Source material section start

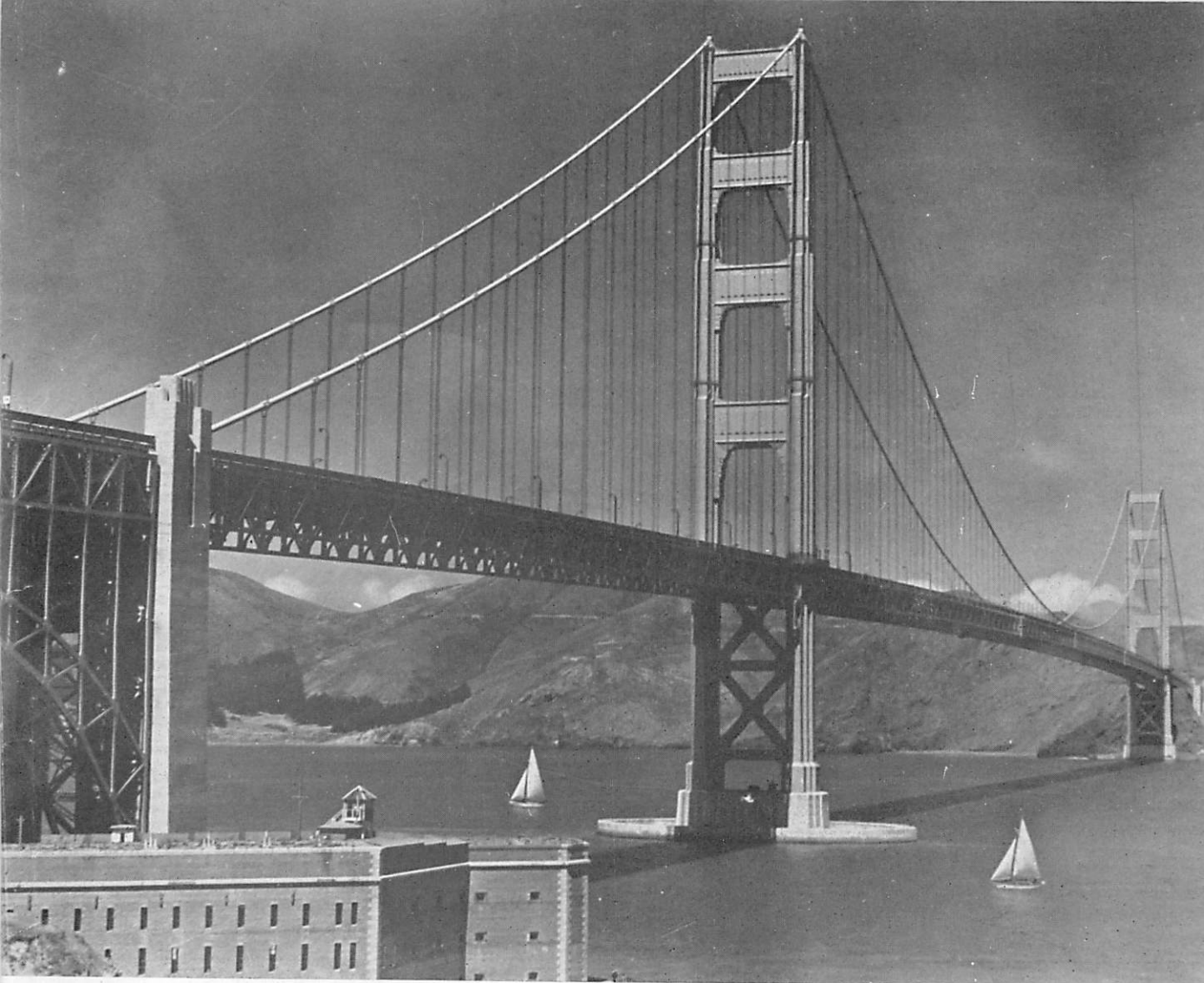
THE GOLDEN GATE BRIDGE — SAN FRANCISCO
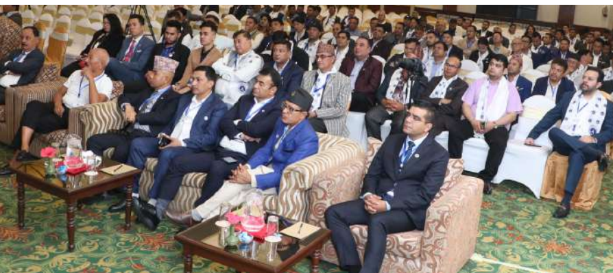
Representatives of HAN member hotels from across the country attend the AGM

The meeting which was attended by member hotels from across the country deliberated atlength current scenario of the hospitality business and recommended HAN leadership to take on rising problems with Banks in regards to repayment of loans, government treatment to hotels as priority industry and promotional activities for increasing businesses.
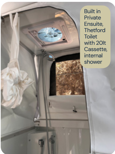
Built in Private Ensuite, Thetford Toilet with 20lt Cassette, internal shower
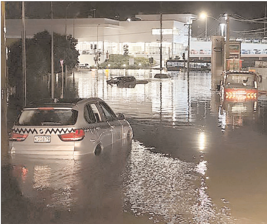
WELLINGTON: Vehicles on the way after heavy floods in New Zealand.
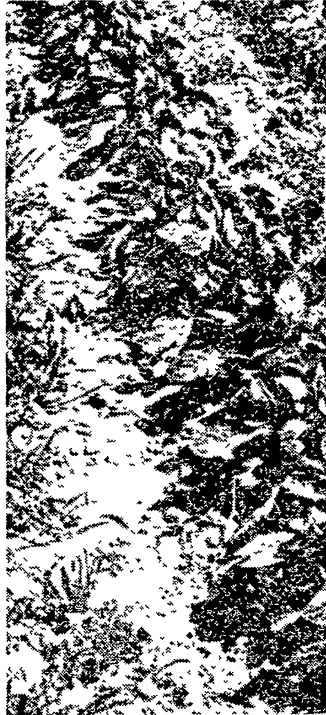
In soybeans, pre-emergence weed control with "Lorox" keeps rows free of annual weeds and grasses that steal water, nutrients and sunlight...and profits.
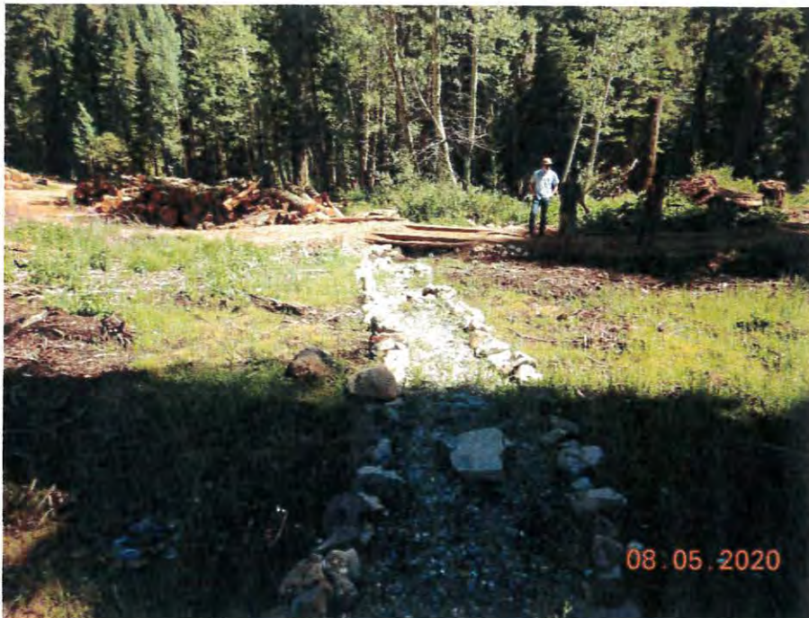
Photo 17. Modified watercourse, permanent watercourse crossing, disturbed soil in SEZ, woody debris and logs stockpiled in SEZ.
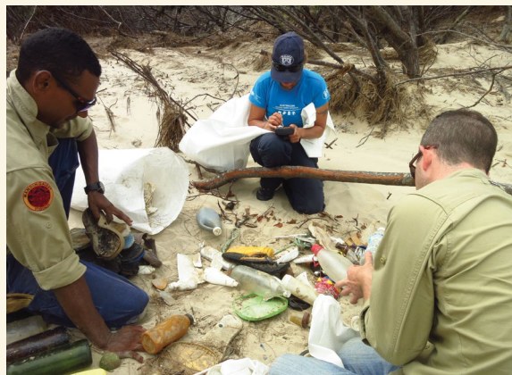
Yeppoon cyclone clean-up 2015

Aboriginal and Torres Strait Islanders are regularly involved in marine debris clean-up projects. Land and Sea Rangers work with Tangaroa Blue Foundation to remove thousands of tonnes of marine debris from remote and significant sites across Australia.
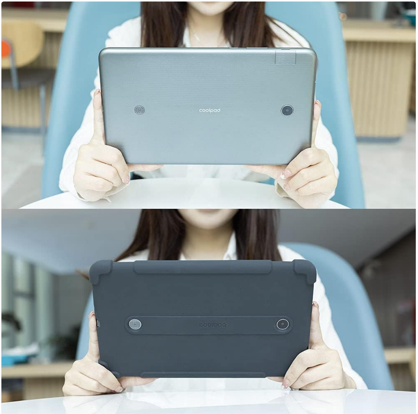
Figure 2: Coolpad Tasker Tablet and its Shock Protection Case. The image displays the tablet alongside its durable protective case, highlighting the included accessory.
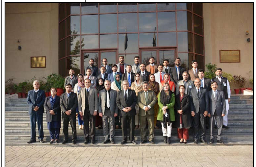
Judicial Assistants of the Supreme Court of Pakistan in a group photo with Mr. Justice Athar Minallah at the Federal Judicial Academy Islamabad.

The World Bank says that Pakistan will have to implement the policy of reforms for stability in the economy, implementation of financial management is necessary for stable growth.
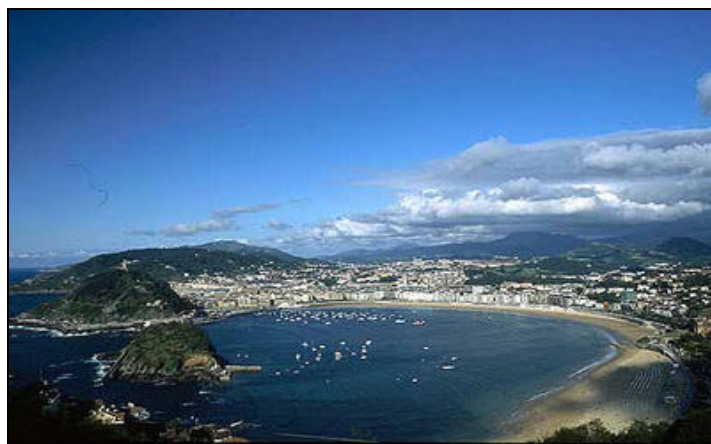
The Beautiful San Sebastian, Spain
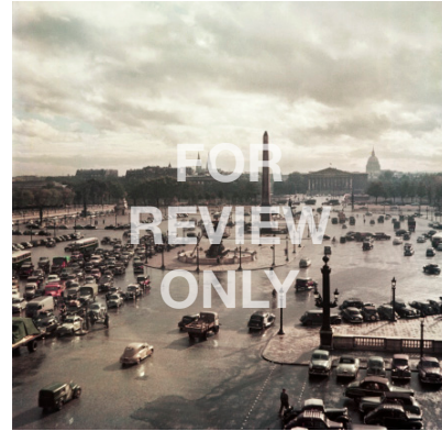
Robert Capa, [Place de la Concorde from the Time-Life office, Paris], ca. 1952. © Robert Capa/International Center of Photography/Magnum Photos.
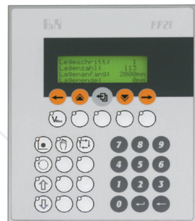
(CANBUCON 1 controller)
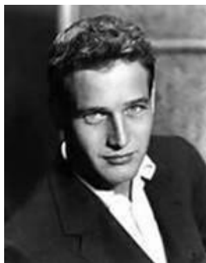
Paul Newman, US Navy Rear seat gunner/radioman, torpedo bombers of USS Bunker Hill.
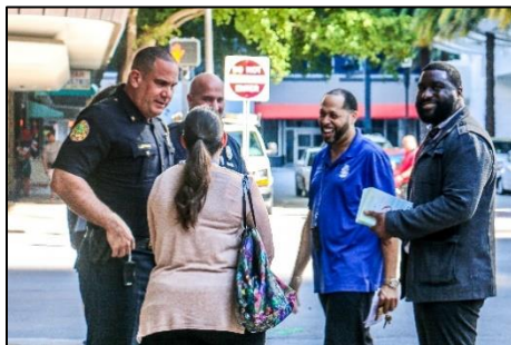
Business Community Outreach Coffee with a Cop CBD – Starbuck's
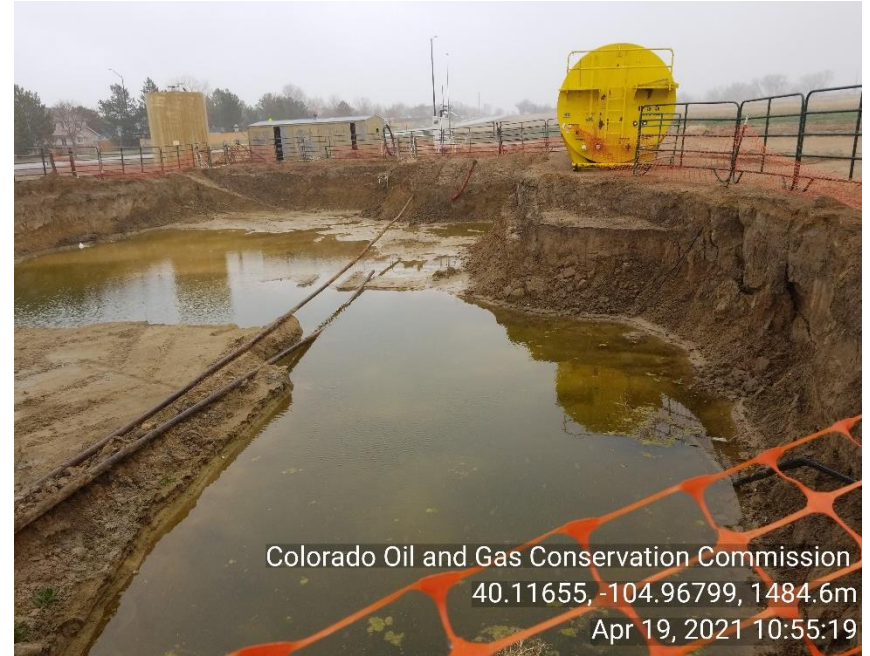
Photo 22 What appears to be visible ground water, unsupported flow lines. Fencing and equipment on edge of vertical bank.
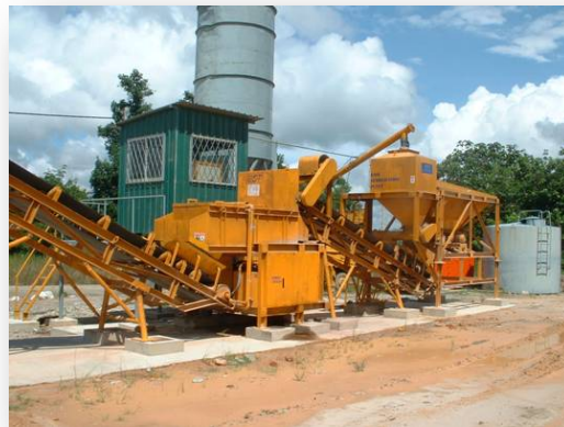
Photo. 1. In-situ Rehabilitation
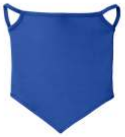
Port Authority® Ear Loop Gaiter Mask
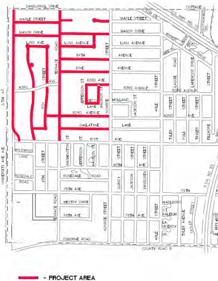
City of Spring Lake Park – 2024 Seal Coat Project

As part of the street maintenance, the city completes an annual street maintenance project consisting of crack repair and seal coating. Seal coating includes placing bituminous emulsion and small aggregate on the street surface. The 2024 construction area is for the northwest corner of the city (north of 81 st Avenue and west of Terrace Road), and pavement markings for the main streets in the entire city. Below is the map of the streets scheduled to be seal coated this summer.
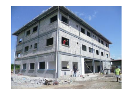
Exterior completion Feb. 2011

Currently, we are finishing the interior and hope to complete it within 5-8 months if funds are sufficient.
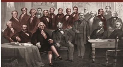
The first twenty-one Presidents seated together in the White House. The enslavers are shaded in red.
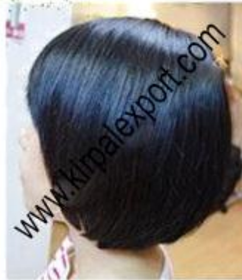
Indigo Hair Dye On Hair
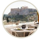
NEW Hotel Athens
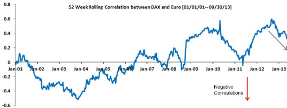
Past performance is not indicative of future results.

• In the five years following 2001, the correlation between the two asset classes was firmly in negative territory. • It appears that the correlation tended to spike in times of economic duress and uncertainty, as with the global financial crisis in 2008/2009 and the European crisis in 2010/2012. • The current trajectory of the correlation seems to indicate a decreasing correlation between the euro and German equities, which could motivate an increased focus on currency-hedged strategies.
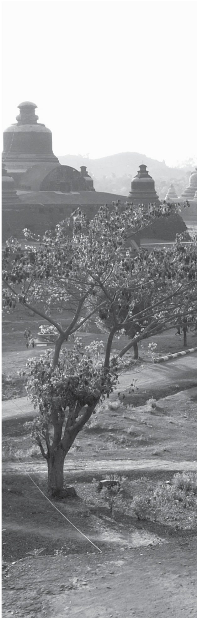
Htulkanthein temple, Mrauk-U (MS)

Since 2011, hopes for reconciliation and national change have been invested in parliamentary reform
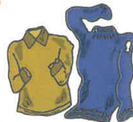
Heavily stained or torn clothing

If cinders are 5 cm or thicker, please do not dispose of them with burnable garbage.
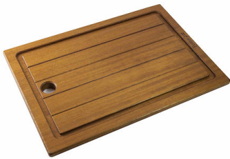
Iroko-wood chopping board 8643 117
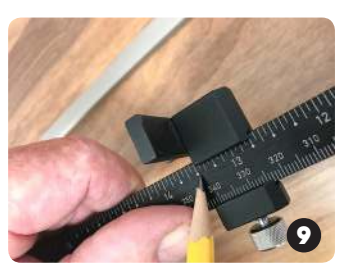
Set the sliding end stop 31/2 out on the era from bottom hole
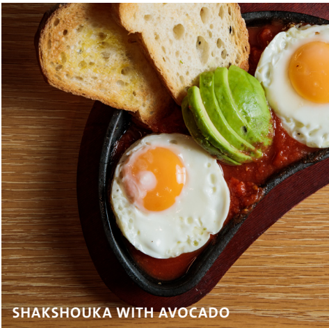
SHAKSHOUKA WITH AVOCADO

We hold allergy information for all menu items, please speak to your server for further details. If you suffer from a food allergy, please ensure that your server is aware at the time of order. † Contains nuts or seeds. * These items contain (or may contain) raw or undercooked ingredients. Consuming raw or undercooked hamburgers, meats, poultry, seafood, shellfish or eggs may increase your risk of foodborne illness, especially if you have certain medical conditions.
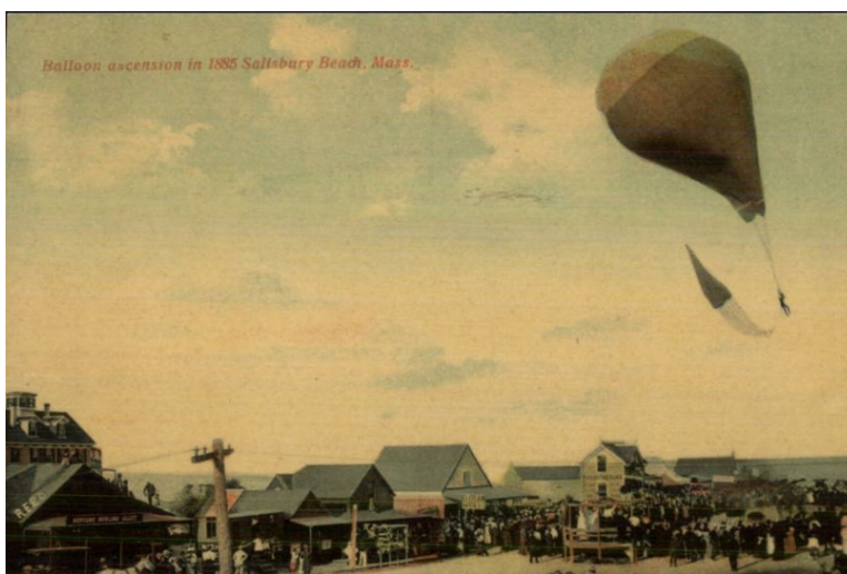
Balloon ascension at Salisbury Beach, 1885. Postcard.
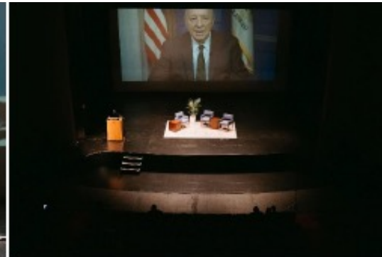
US Senator Dick Durbin's recorded message plays
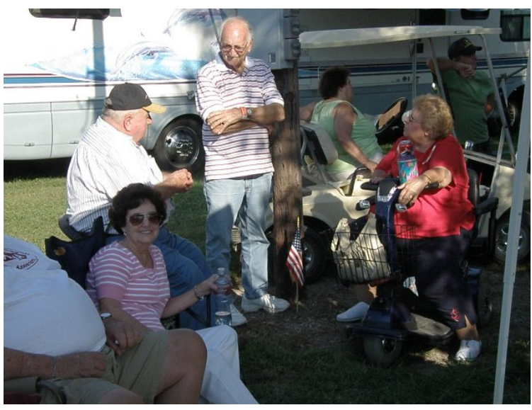
NKBMA members just hanging out have fun at the festival!

Source material section end

Repeat word for word the lines above, from the first entry through the line containing "Representatives of HAN", with both ends kept and the pictures dropped.

THE GOLDEN GATE BRIDGE — SAN FRANCISCO
Representatives of HAN member hotels from across the country attend the AGM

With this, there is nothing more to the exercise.